For both the mono and stereo downmixes, the matrix unit 311 performs the operation:
[ y L B n , k y R B n , k ] = [ h 11 n , k h 12 n , k h 21 n , k h 22 n , k ] [ y L 0 n , k y R 0 n , k ] ,
where k is the sub-band index number, n the slot (transform interval) index number, hij n,k the matrix elements for sub-band k, yL 0 n,k,yR 0 n,k the two input signals for sub-band k, and yL B n,k,yR B n,k the binaural output signal samples.
The matrix unit 311 feeds the binaural output signal samples to an inverse transform unit 313 which transforms the signal back to the time domain. The resulting time domain binaural signal can then be fed to headphones to provide a surround sound experience.
The described approach has a number of advantages:
The HRTF processing can be performed in the transform domain which in many cases can reduce the number of transforms as the same transform domain may be used for decoding the downmix signal.
The complexity of the processing is very low (it uses only multiplication by 2×2 matrices) and is virtually independent on the number of simultaneous audio channels.
It can be applied to both mono and stereo downmixes; HRTFs are represented in a very compact manner and hence can be transmitted and stored very efficiently.
However, the approach also has some disadvantages. Specifically, the approach is only suitable for HRTFs having a relatively short impulse responses (generally less than the transform interval) as longer impulse responses cannot be represented by the parameterised subband HRTF values. Thus, the approach is not usable for audio environments having long echoes or reverberations. Specifically, the approach typically does not work with echoic HRTFs or Binaural Room Impulse Responses (BRIRs) which can be long and thus very hard to correctly model with the parametric approach.
Hence, an improved system for generating a binaural audio signal would be advantageous and in particular a system allowing increased flexibility, improved performance, facilitated implementation, reduced resource usage and/or improved applicability to different audio environments would be advantageous.
SUMMARY
According to an embodiment, an apparatus for generating a binaural audio signal may have: a receiver for receiving audio data having an M-channel audio signal being a downmix of an N-channel audio signal and spatial parameter data for upmixing the M-channel audio signal to the N-channel audio signal; a parameter data converter for converting spatial parameters of the spatial parameter data into first binaural parameters in response to at least one binaural perceptual transfer function; an M-channel converter for converting the M-channel audio signal into a first stereo signal in response to the first binaural parameters; a stereo filter for generating the binaural audio signal by filtering the first stereo signal; and a coefficient determiner for determining filter coefficients for the stereo filter in response to the binaural perceptual transfer function.
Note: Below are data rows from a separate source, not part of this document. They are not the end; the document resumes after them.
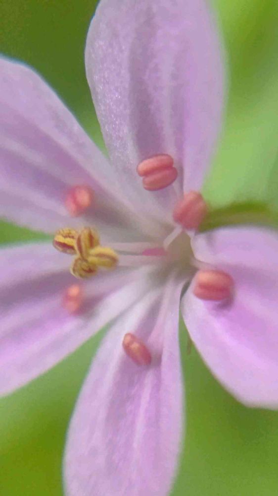 ⭕️開花直後は花弁側にあった雄しべ10個のうち4個は中央に集まって、赤いヤクが破けて黄色い花粉が出始めている🟡(2枚目)
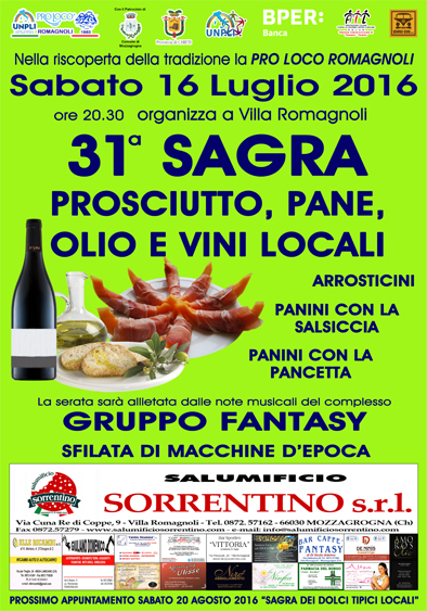 Sabato 23 luglio alle ore 20.30, nuova data dopo il rinvio a causa del maltempo, la serata organizzata dalla Pro Loco Romagnoli, tra enogastronomia e piatti locali anche l’intrattenimento musicale con il “Gruppo Fantasy” oltre alla simpatica sfilata di Auto d’epoca.
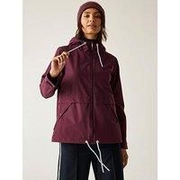 The Bayletta II women's jacket from Regatta is designed to elevate your everyday style with weatherproof functionality. The waterproof and breathable Isotex 10000 peached polyester fabric features taped seams for complete waterproofing. There's a taffeta lining for a soft feel. Adjust the cuffs with Velcro fastening to your preference, and utilise the two pockets with stylish snap fastenings. Versatile and practical, the Bayletta II jacket is finished with an adjustable hood for customisable coverage. | Regatta Women's 'Bayletta II' Waterproof Jacket in Purple | Size: 8 - Manufacturers part numbers: RWW448|WJI45
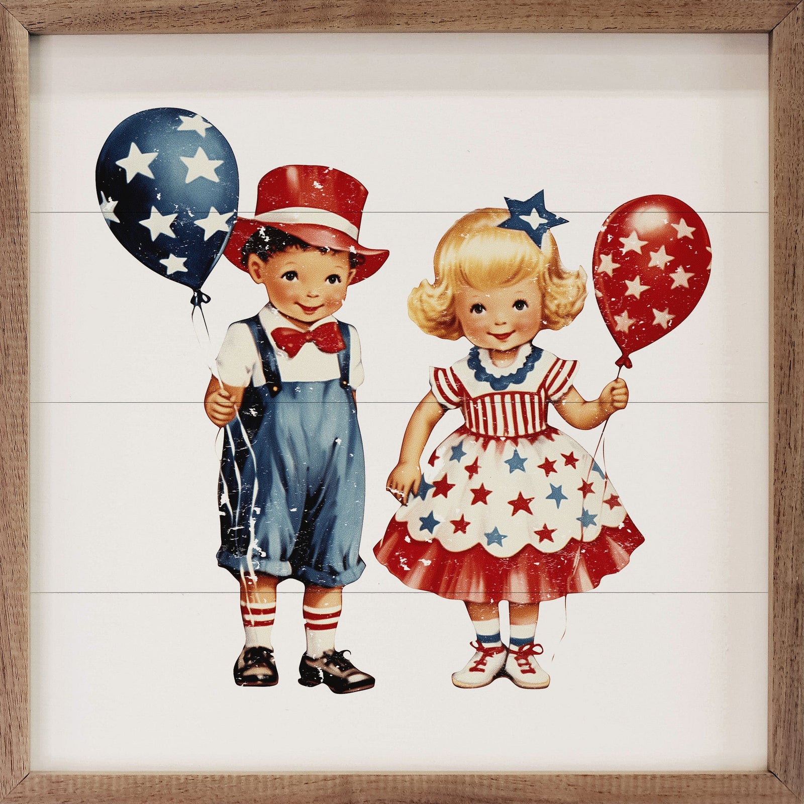 Vintage Fourth Of July Kids Printed and Framed Wall Sign
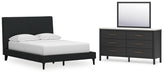 Cadmori Full Upholstered Bed with Mirrored Dresser
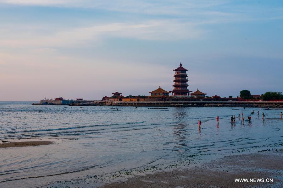 Tourists stroll on a beach in Penglai, a popular tourist destination of east China's Shandong Province, Aug. 8, 2013. (Xinhua/Zhang Cheng) |
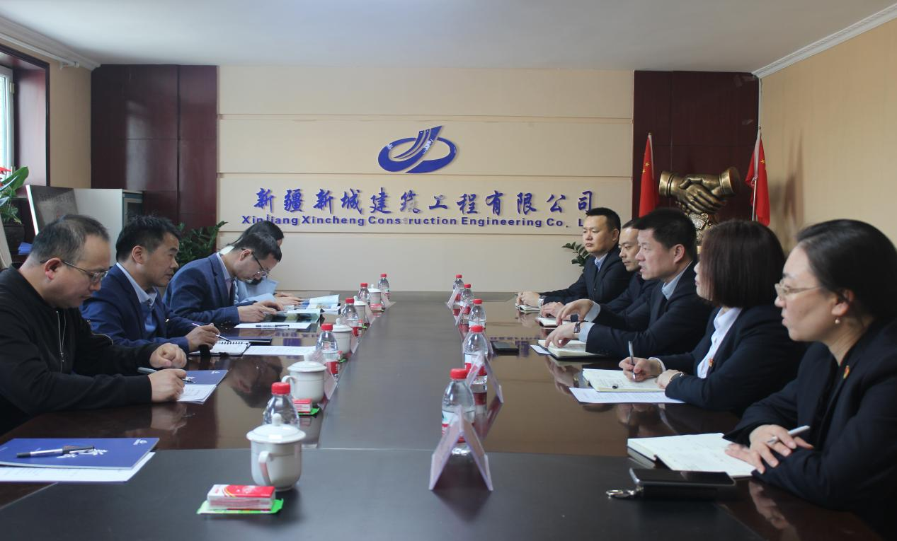 3月29日下午,道路桥梁工程学院院长郭社锋、研究中心主任毛伟、学院专业负责人夏亮亮、李肖等一行4人,赴新疆新城建筑工程有限公司调研,洽谈校企合作。新疆新城建筑工程有限公司党支部书记、总经理张洪涛热忱接待学院一行,双方就校企深入合作展开全方位座谈交流。
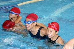 水中4人5脚 「いっち に いっち に」と掛け声をかけました
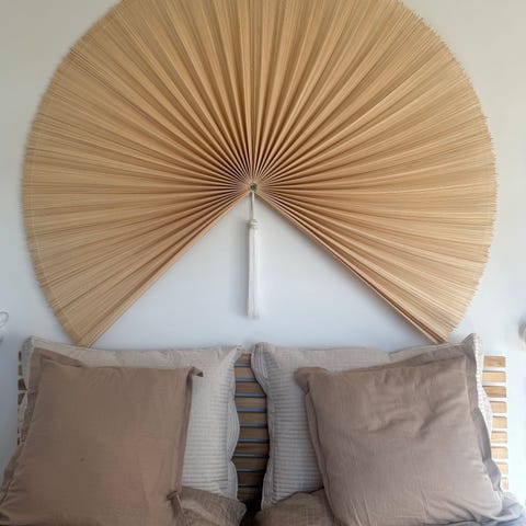 Paralume/ramme i et vandret gitter, med regelmæssige horisontale bindinger, fremhæver lysvirkningen: når lampen tændes, spreder den et omsluttende og dekorativt lys, der projicerer på gulv og vægge en rytmisk skygge-trame, særligt eftertragtet i boho-, coastal- og modernariat-indretninger.
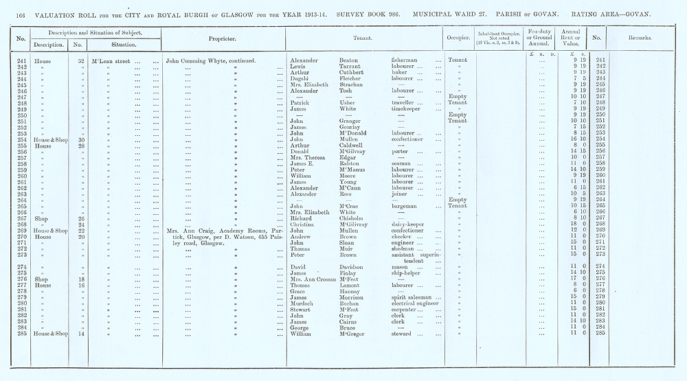 Glasgow Valuation Roll VR 1913-14, Ward 27, p166
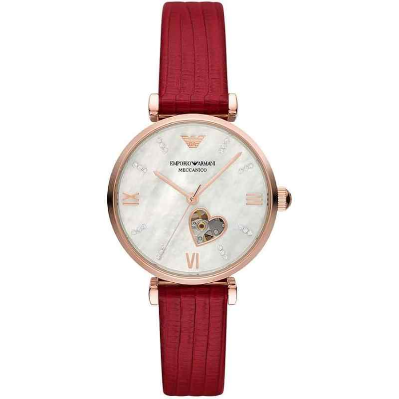 Elevate your style with this sophisticated Emporio Armani AR60048 women’s automatic watch. Featuring a luxurious mother-of-pearl (MOP) dial encased in polished stainless steel, this timepiece exudes timeless elegance. The rich red leather strap complements the 34mm case perfectly, creating a watch that’s both eye-catching and refined. Driven by a precise automatic movement, this watch ensures accurate timekeeping, while the classic three-hand design maintains a clean and minimalist aesthetic. Perfect for everyday wear or special occasions, the Emporio Armani AR60048 is a testament to quality craftsmanship and sophisticated design.
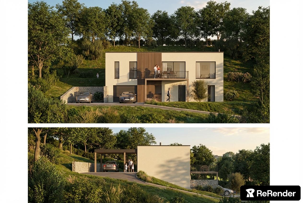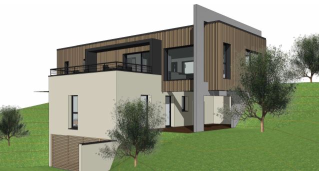 Le projet est conçu pour s’adapter naturellement au terrain, favorisant une insertion paysagère maîtrisée. L’implantation tire pleinement parti de la vue dégagée et de l’orientation Sud-Ouest, déterminante pour la qualité des espaces de vie. Les terres excavées sont réemployées sur site, limitant les transports et l’impact environnemental.
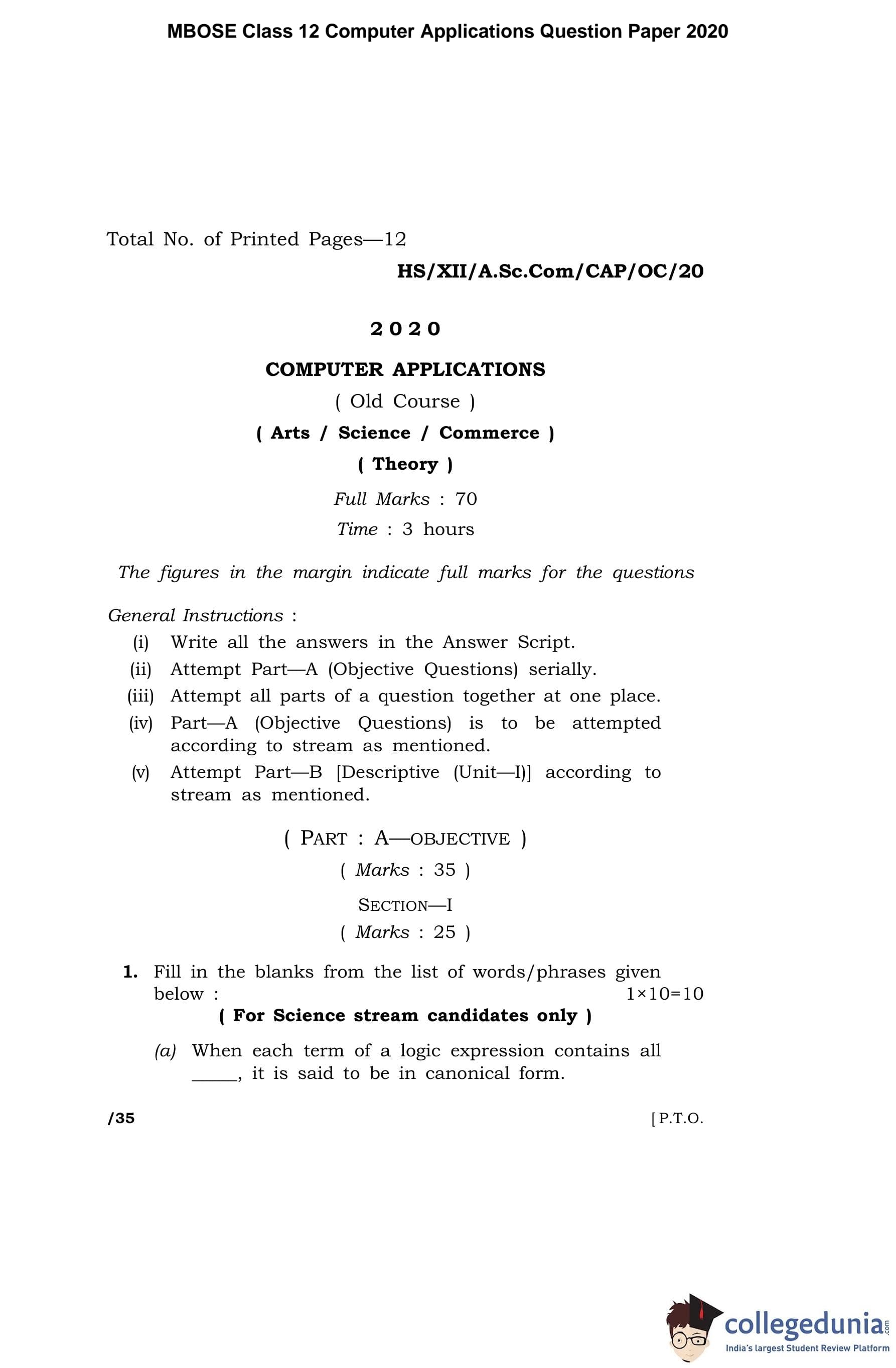 | MBOSE Class 12 Computer Applications Question Paper 2020 PDF | MBOSE Class 12 Computer Applications Answer Key 2020 PDF |
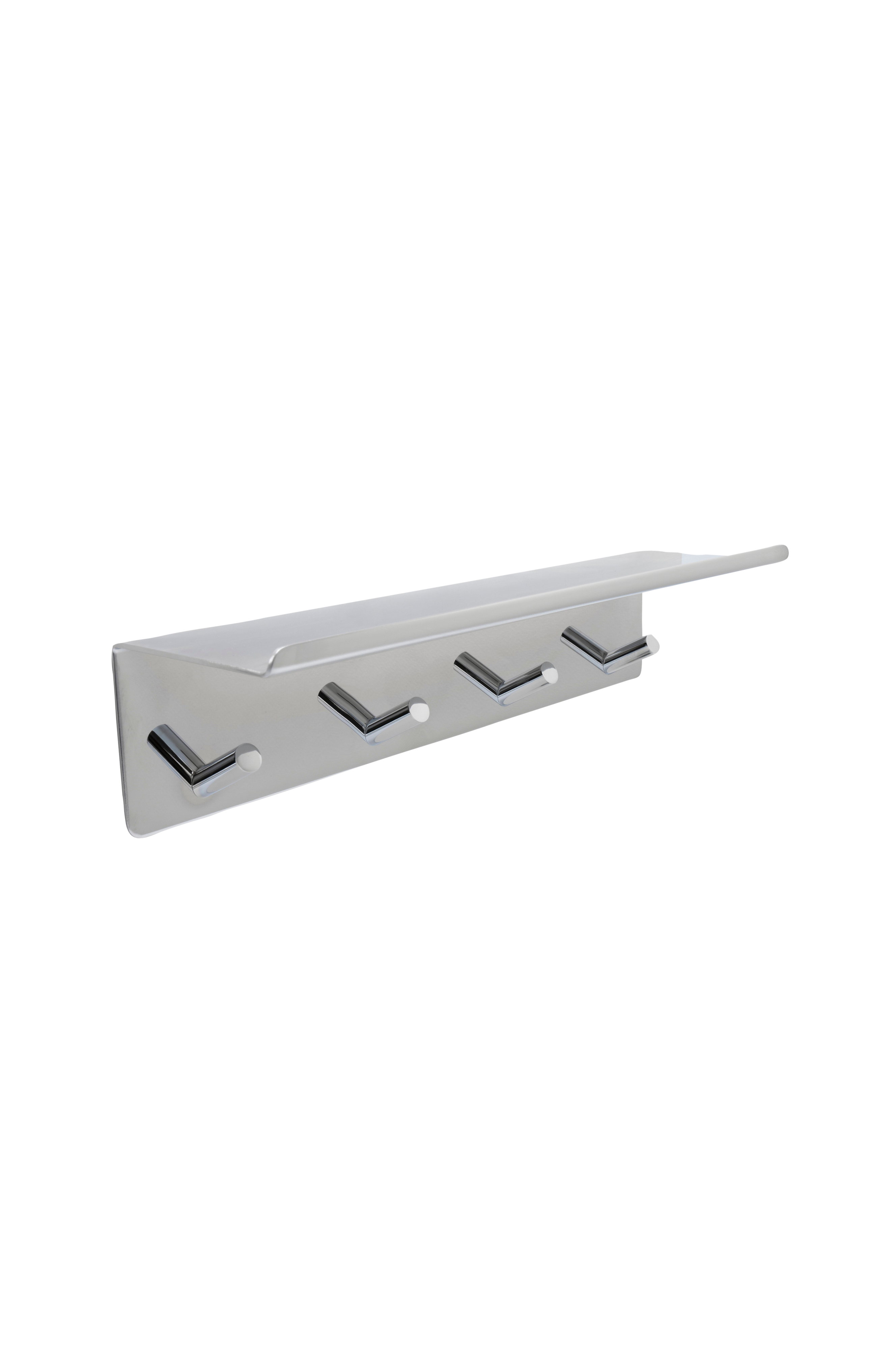 Base - Krogskinne med hylde er den perfekte løsning til at opfylde nutidens badeværelsesbehov og samtidig tilbyde et slankt design. Fremstillet af solidt rustfrit stål. Vi har kombineret fire funktionelle kroge til elegant ophængning med en praktisk hylde, der giver dig mulighed for at opbevare smykker, dekorere med en smuk vase eller tænde et duftlys for at skabe den rette atmosfære. Kombinationen af kroge og hylde gør Beslag Designs knagerække til en pladsbesparende og alsidig løsning til badeværelset. Med sit minimalistiske og moderne design passer den perfekt ind i forskellige badeværelsesstile og skaber en harmonisk orden. Kroghylden har en selvklæbende bagside, der gør det nemt at installere den uden at skulle lave unødvendige huller.
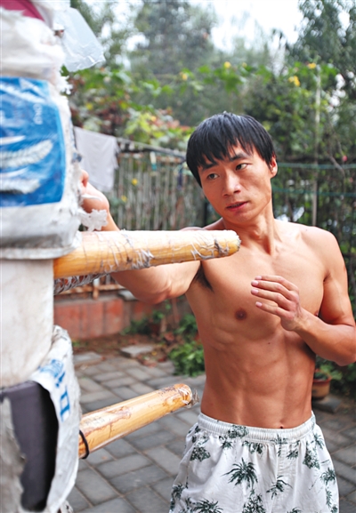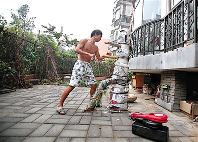 马连华在小区内设置了拳桩,武术队训练结束后他还要加练。
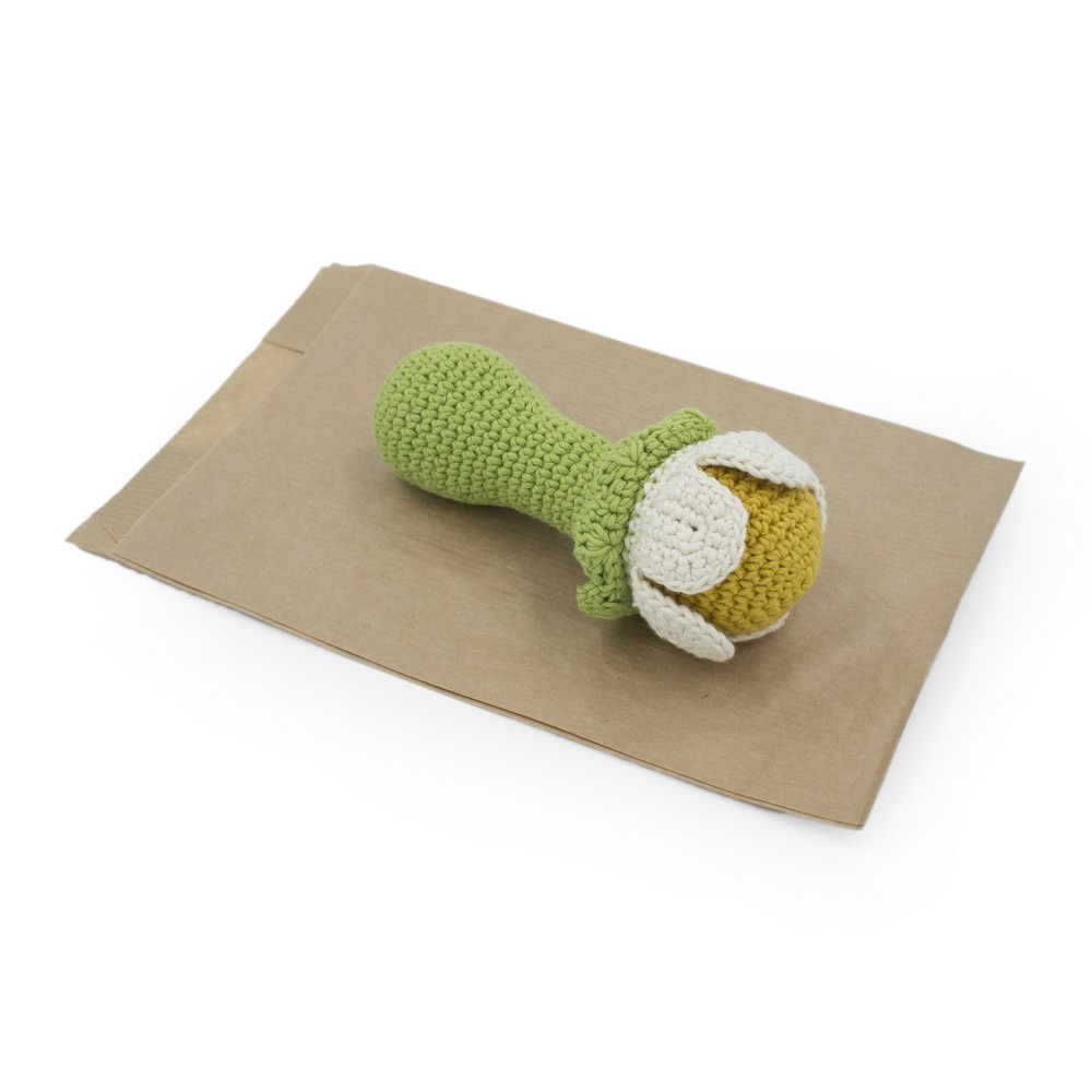 Ce hochet est fabriqué en crochet. Contrairement au tricot, le crochet est une méthode uniquement manuelle qui n’utilise ni machine, ni métier à tisser.

According to another embodiment, a method of generating a binaural audio signal may have the steps of: receiving audio data having an M-channel audio signal being a downmix of an N-channel audio signal and spatial parameter data for upmixing the M-channel audio signal to the N-channel audio signal; converting spatial parameters of the spatial parameters data into first binaural parameters in response to at least one binaural perceptual transfer function; converting the M-channel audio signal into a first stereo signal in response to the first binaural parameters; generating the binaural audio signal by filtering the first stereo signal; and determining filter coefficients for the stereo filter in response to the at least one binaural perceptual transfer function.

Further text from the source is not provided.